:: Given material ::

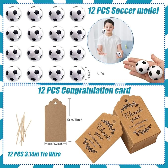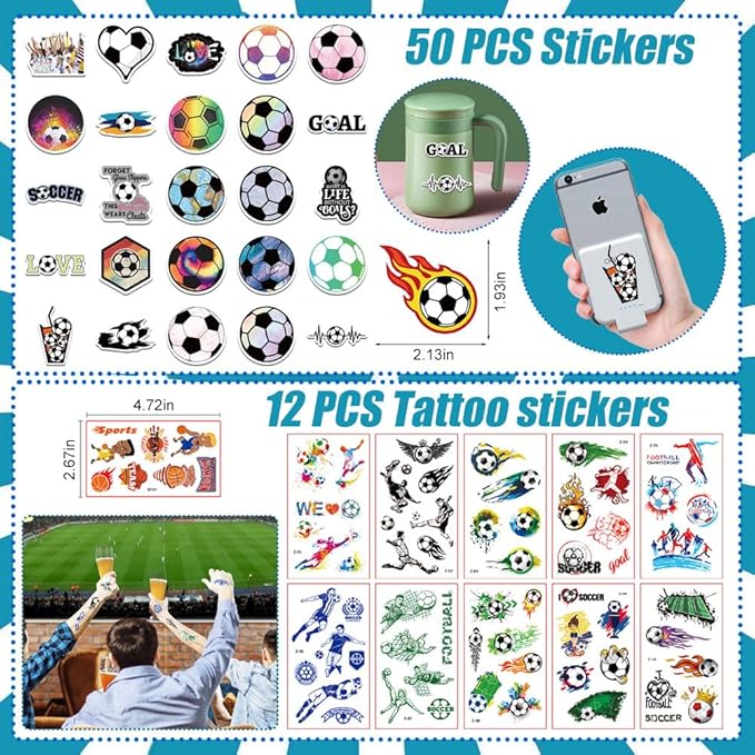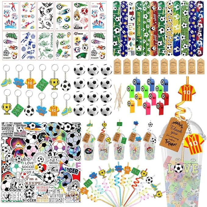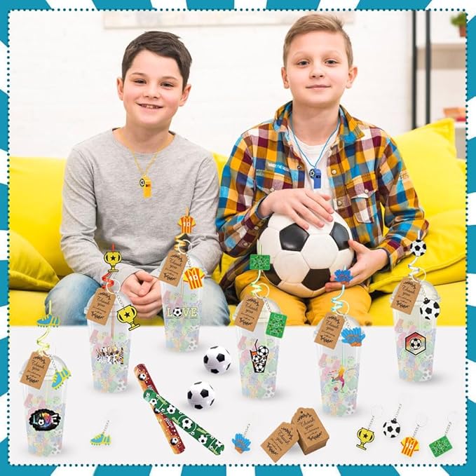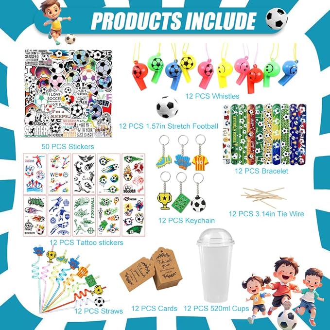 - Reusable and Durable - the Soccer stuffers are quality made, mini Soccers are made of PU, Soccer themed stickers are made of PVC, straws, and whistles are made of ABS plastic; The plastic cup is made of PP, and the thank you tag is made of kraft paper, which is all durable and safe to use, not easy to fade or break which you can use a long time even after the party.
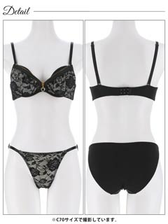 オールレースカットストリング育乳脇高ブラジャー&バック透けフルバックショーツ
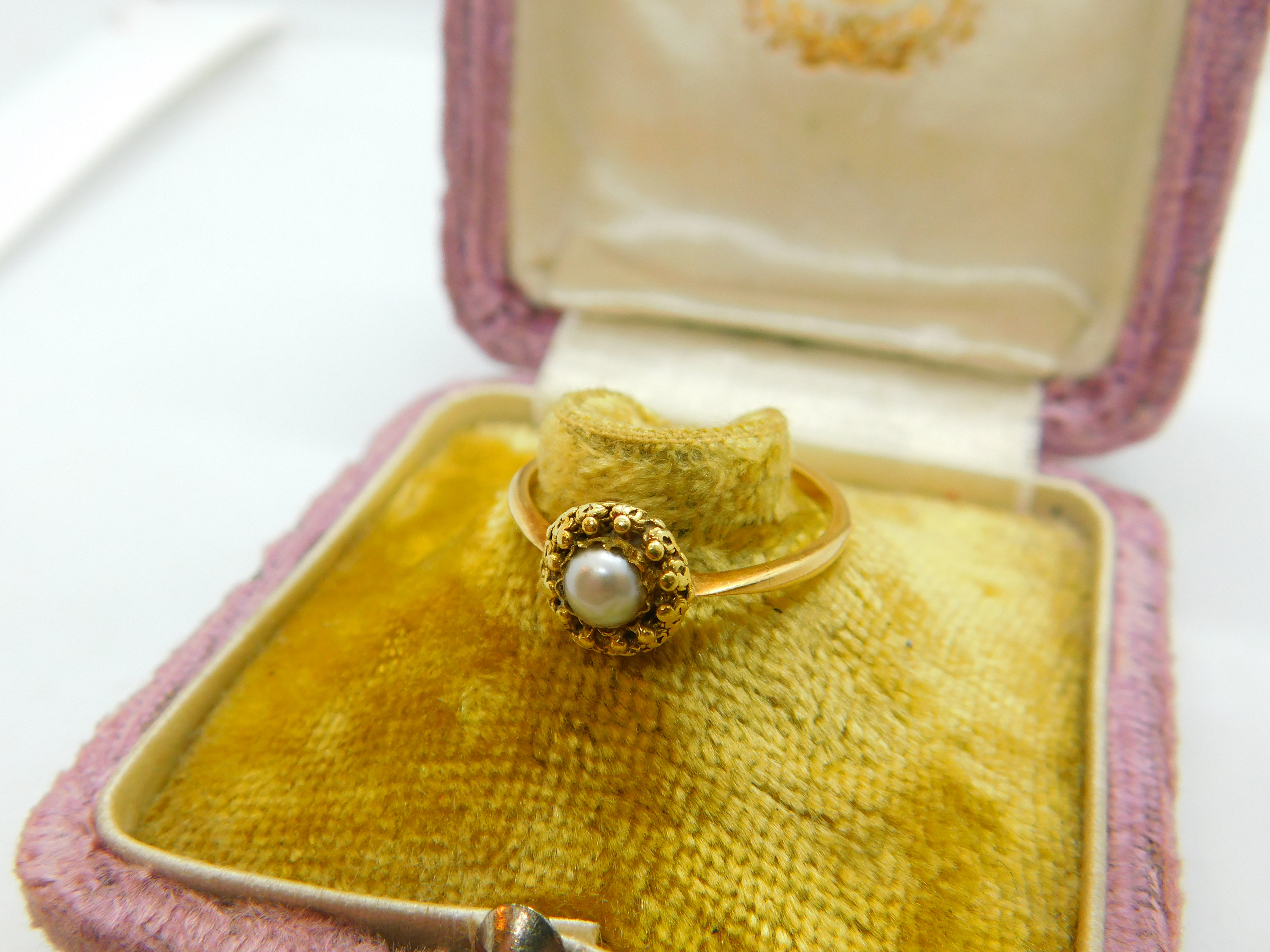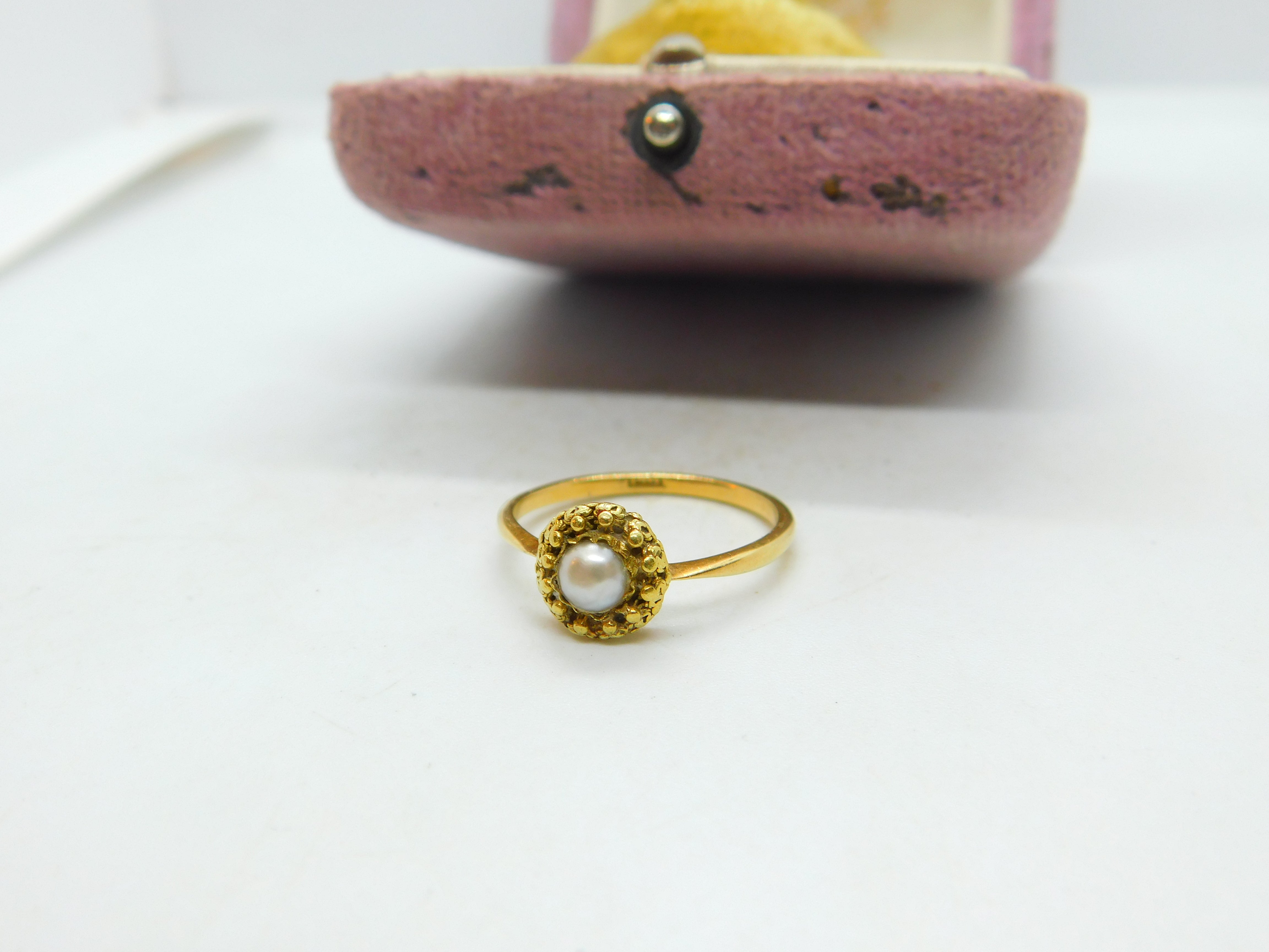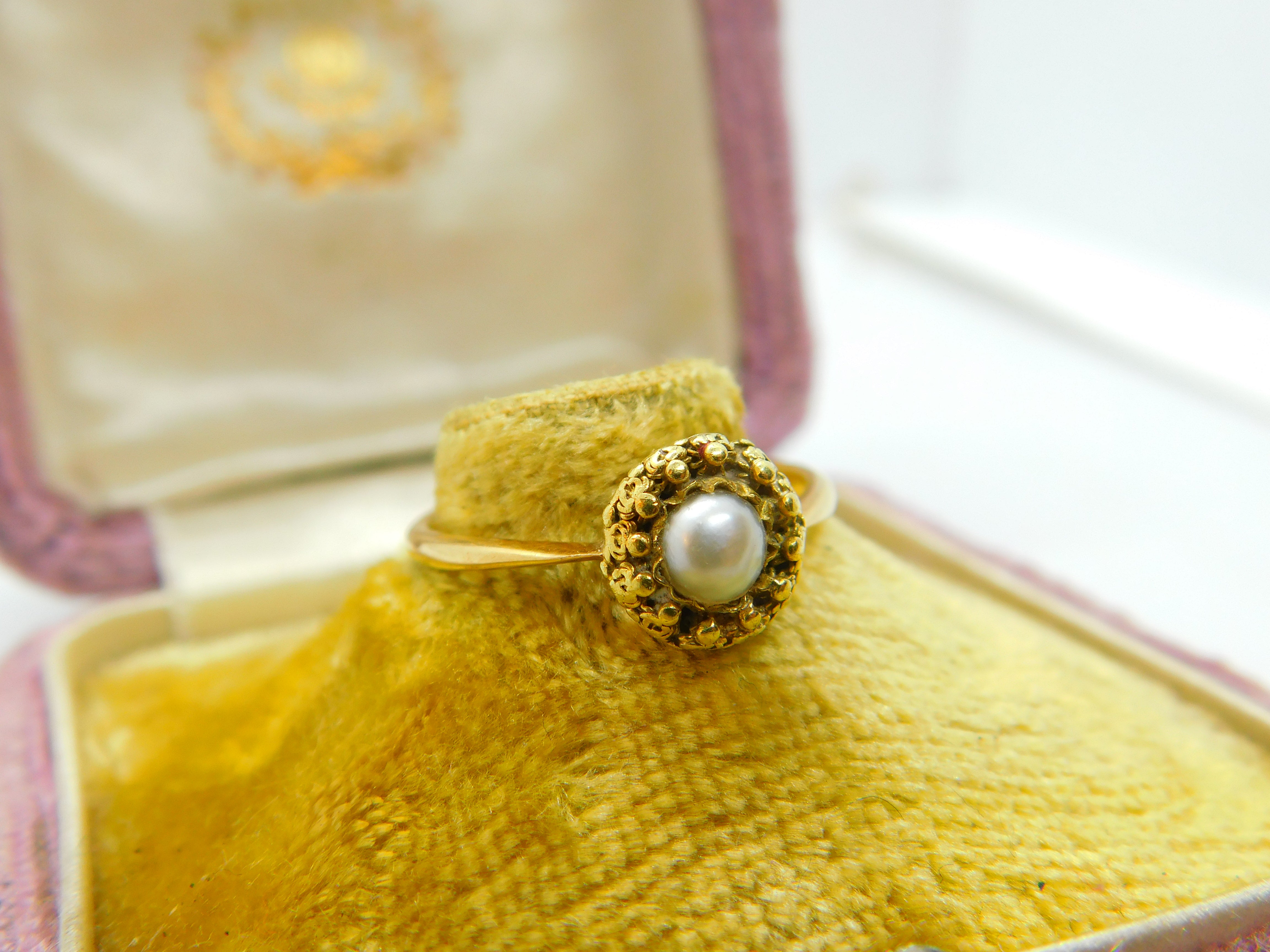 18ct Yellow Gold & Pearl Set Band Ring Antique c1930 Art Deco Size O UK

:: Instructions to follow ::
Skipping any images, write out all the data exactly.

:: Problem solution ::
 - Reusable and Durable - the Soccer stuffers are quality made, mini Soccers are made of PU, Soccer themed stickers are made of PVC, straws, and whistles are made of ABS plastic; The plastic cup is made of PP, and the thank you tag is made of kraft paper, which is all durable and safe to use, not easy to fade or break which you can use a long time even after the party.
 オールレースカットストリング育乳脇高ブラジャー&バック透けフルバックショーツ
 18ct Yellow Gold & Pearl Set Band Ring Antique c1930 Art Deco Size O UK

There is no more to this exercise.